Tesla Inc. chief executive Elon Musk, who runs a company with a valuation of close to $ 300 billion, does not want the electric vehicle maker to be “super profitable.”

He got away with it in the second quarter, when Tesla made a profit of $ 104 million thanks to more than $ 400 million in electric vehicle tax credits and Musk’s push to reopen his Fremont, California factory, despite the Asking for refuge in the place the CEO described him as “fascist” in a deranged protest three months ago. That profit puts Tesla in a position to join the S&P 500 index, a possibility that has fueled an indescribable career for Tesla TSLA,
+ 1.52%
The shares, which have more than doubled in the past three months, nearly quadrupled in 2020 and gained more than 500% in the past 12 months.
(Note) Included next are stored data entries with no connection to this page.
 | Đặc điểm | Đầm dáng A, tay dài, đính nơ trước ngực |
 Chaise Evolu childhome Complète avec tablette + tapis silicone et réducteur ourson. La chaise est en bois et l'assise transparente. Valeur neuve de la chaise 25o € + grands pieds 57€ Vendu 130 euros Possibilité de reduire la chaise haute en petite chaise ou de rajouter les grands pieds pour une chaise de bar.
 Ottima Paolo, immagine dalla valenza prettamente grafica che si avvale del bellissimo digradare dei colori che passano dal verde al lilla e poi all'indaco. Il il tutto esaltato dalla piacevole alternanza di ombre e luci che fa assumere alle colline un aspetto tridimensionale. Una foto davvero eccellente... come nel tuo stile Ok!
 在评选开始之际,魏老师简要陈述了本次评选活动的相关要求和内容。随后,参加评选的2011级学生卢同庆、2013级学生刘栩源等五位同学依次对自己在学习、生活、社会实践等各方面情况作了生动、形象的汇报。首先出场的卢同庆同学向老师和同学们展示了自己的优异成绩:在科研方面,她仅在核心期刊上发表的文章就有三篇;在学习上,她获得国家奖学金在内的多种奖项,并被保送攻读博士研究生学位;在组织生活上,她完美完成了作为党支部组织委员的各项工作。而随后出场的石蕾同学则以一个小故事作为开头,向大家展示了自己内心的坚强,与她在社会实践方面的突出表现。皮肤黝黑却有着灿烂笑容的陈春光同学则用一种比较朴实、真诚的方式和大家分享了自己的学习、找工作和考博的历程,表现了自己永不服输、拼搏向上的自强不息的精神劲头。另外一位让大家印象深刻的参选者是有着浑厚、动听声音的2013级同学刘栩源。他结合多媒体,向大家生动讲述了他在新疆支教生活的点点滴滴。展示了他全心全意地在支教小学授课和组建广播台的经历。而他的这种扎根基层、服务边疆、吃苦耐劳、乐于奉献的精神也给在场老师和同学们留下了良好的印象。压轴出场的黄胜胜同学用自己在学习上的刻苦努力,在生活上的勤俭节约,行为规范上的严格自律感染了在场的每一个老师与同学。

Typically, profits like that are reserved for companies that are on the road to making big profits or that have multiple proven businesses. However, not in the case of Tesla.

“We need to, you know, not go bankrupt, obviously that’s important … But we’re also not trying to be super profitable,” Musk said at the end of the Wednesday conference call.

“I think we just want to be a little bit profitable and maximize growth and make the cars as affordable as possible.”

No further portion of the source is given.